Trading strategies·event

News trading

still alpha
Reviewed 4 June 2026. As of 2026: a real edge still exists for those who can run it well.

React to information releases via machine-readable feeds: structured data, low-latency wires, and increasingly NLP. The edge is speed and accuracy of interpretation, not having the news first.

The idea

News trading annotated diagramfigure
React to information releases via machine-readable feeds: structured data, low-latency wires, and increasingly NLP. The edge is speed and accuracy of interpretation, not having the news first.

Reference figure. This concept is explained in prose and diagram; the interactive widgets live on the flagship pages it links to under Where this fits.

What is machine-readable news?

Machine-readable news is news delivered as structured data, not prose: each item tagged with the entities it concerns, the event type, a sentiment/relevance score, a novelty flag and a timestamp, so a machine can act on it without reading English. Vendors (Bloomberg, Reuters/Refinitiv, Dow Jones Newswires) "elementize" headlines specifically so algorithms can trade them in microseconds. This is the data substrate of directional event trading's reaction leg.

Intuition first. A trading system cannot read a paragraph in time, so news vendors pre-process headlines into fields: which company, what happened (earnings/M&A/guidance/litigation), how positive, is this new or a repeat, exact timestamp to the microsecond. The algorithm consumes the fields, not the sentence. The major feeds in 2026 are the Dow Jones Newswires / DJ elementized feeds, Bloomberg (news plus the BLPAPI / event-driven feeds), and Reuters/Refinitiv (LSEG) News Analytics, each delivering low-latency, tagged items over a co-located connection, built explicitly for algorithmic consumption. The exact fields and latencies change, so the vendor's own product spec is the source to cite.

An elementized item is a tuple, not a sentence: the resolved entity, the event class, a signed sentiment/relevance score, a novelty flag and a microsecond timestamp. The algorithm reads the tuple and never parses English on the hot path.
item=(entity,  event type,  sentiment,  novelty,  confidence,  t)\text{item} = (\,\text{entity},\; \text{event type},\; \text{sentiment},\; \text{novelty},\; \text{confidence},\; t\,)

The split that matters runs through the whole page. Structured numeric releases (an earnings number, an economic figure) are trivial to parse and the surprise is arithmetic; this is the scheduled-event game, won on network latency. Unstructured headlines (a takeover rumour, a regulatory action, a CEO quote) require interpretation; this is where NLP and LLMs earn their place, and where 2026's frontier sits.

How is news turned into a trade? (the pipeline)

A news-trading system runs a pipeline: ingest the feed, parse/classify the item (entity, event type, sentiment, novelty), score confidence, map to a trade decision, then submit, all under a tight latency budget.
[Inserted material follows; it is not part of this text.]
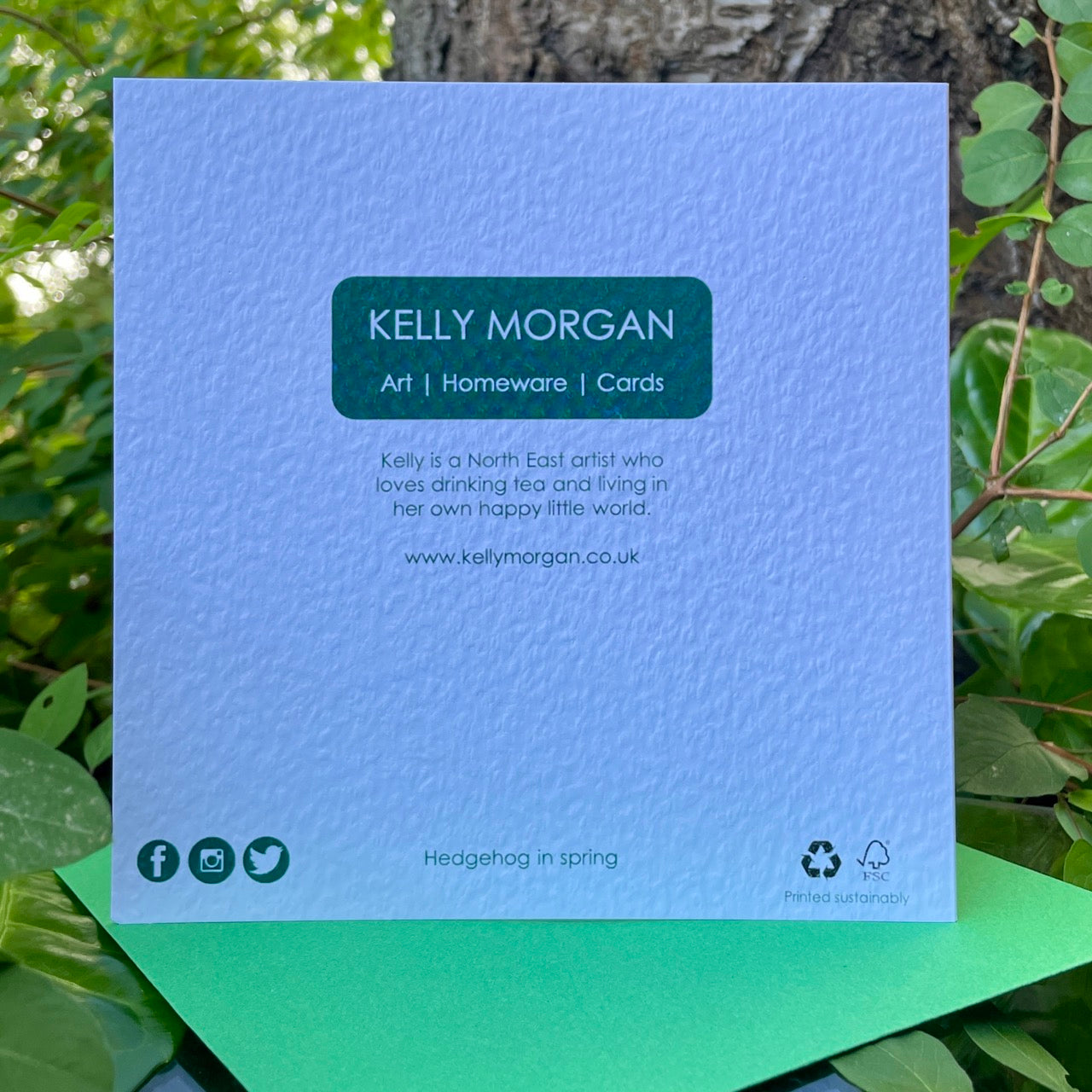 The design on this card 'Hedgehog in spring' is taken from Kelly Morgan's original artwork, and it's blank inside for your own message.

Each stage adds latency; the binding constraints are interpretation (the hard, slow step for unstructured news) and false-signal control (gating on confidence so a wrong read does not trade).

Ingest: receive the item on the lowest-latency channel (a co-located feed handler) and deduplicate against items already seen, since wires repeat and cross-publish. Parse/classify: for structured items, read the fields; for unstructured items, run NLP: entity resolution (which listed company), event classification (M&A? guidance? litigation?), sentiment/direction, and novelty (is this genuinely new information or a restatement?). Novelty is critical: the market already priced yesterday's rumour. Confidence gate: score how sure the classification is and fire only above a threshold, deferring or skipping ambiguous items: the single most important defence against false signals. Decision and submit: map the entity, direction, magnitude and confidence to a sized order and submit, managing the thin, fast-moving book at news time (realistic fills; see backtesting).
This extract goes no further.